Gultry decided to augment his international development and financial management skillset with procurement and supply chain management in order to serve in some of the world's "hot spots" like Islamabad and Kabul. In Afghanistan he served as a contracting and agreement officer, charged with establishing contracts rather than ensuring the contracts are followed as he did as a controller. "I managed a portfolio of $1 billion in contracts and grants for the USAID-Afghanistan's Office of Social Sector Development which included health and education activities," says Gultry, who also has served in Madagascar and Pakistan. "For example, we collaborated with several universities to develop school curriculum for kindergarten through 12th grade, then we had the educational material translated into local languages. One of my roles was to contract the subject matter experts in the field to write and translate books into Pasho and Dari, then printing and disseminating those books to schools throughout the war-torn country."
Gultry was supposed to head to Liberia next but the Ebola outbreak canceled that assignment. He is spending the fall of 2014 in Addis Ababa, Ethiopia, completing an assignment of a colleague who had to leave for personal reasons. "In Ethiopia, I am able to directly interact in the field with our implementation partners, the people who do the work — unlike in Afghanistan where I could not leave Kabul and usually met with our partners at the U.S. Embassy," Gultry says. "Again, I am working with a team of subject matter experts to put together agreements between the United States and local organizations, mostly for health and education programs."
Everywhere he goes, Gultry applies his La Follette training in economics, policy analysis and critical thinking. "I recommend the La Follette School for people who aspire to do the work I do in the Foreign Service," Gultry says. "When I look at my peers who went to the Kennedy School or Berkeley, I feel I am more grounded with the Midwestern approach La Follette's small program offers, along with my internship opportunities and the countless connections I made in Madison."

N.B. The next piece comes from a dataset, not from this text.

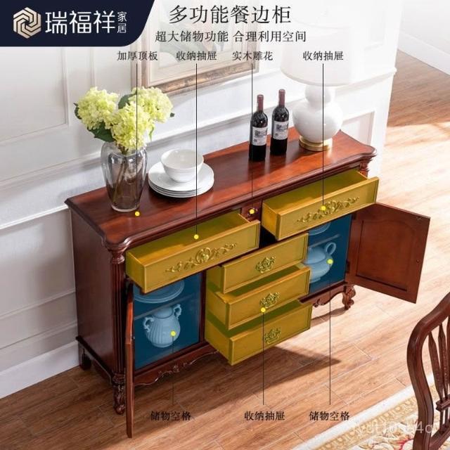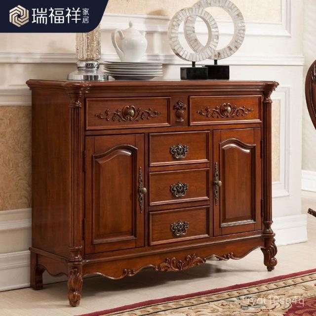 美式複古餐邊櫃實木玄關碗櫃歐式儲物收納櫃整裝工廠直銷可定製

Above: James Gultry wears the handwoven clothing traditionally worn in the village of the Larabanga in northern Ghana. During his visit, Gultry received two handmade gift baskets on behalf of the U.S. Embassy for American support to the Amunibisi Basket Weavers Association, a women's cooperative in West Gonja district of Ghana that exports products to Target and World Market stores in the United States. Below: James Gultry (seated, second from left) represents the U.S. Ambassador to Ghana at the inauguration of the Lambussie Tungnuo Haala Rural Women's group's shea nut and peanut production facility in northern Ghana. The project was partially funded by a small grant from the U.S. Ambassador's Special Self Help fund in Ghana to assist this women's cooperative purchase the machinery and storage facility for its shea butter and peanut products. "This project enabled the small women's group to begin exporting tons shea butter to the U.S. cosmetic companies annually," Gultry says. As a token of their appreciation, the women's group rewarded Gultry with the traditional hand woven vest worn in the photo.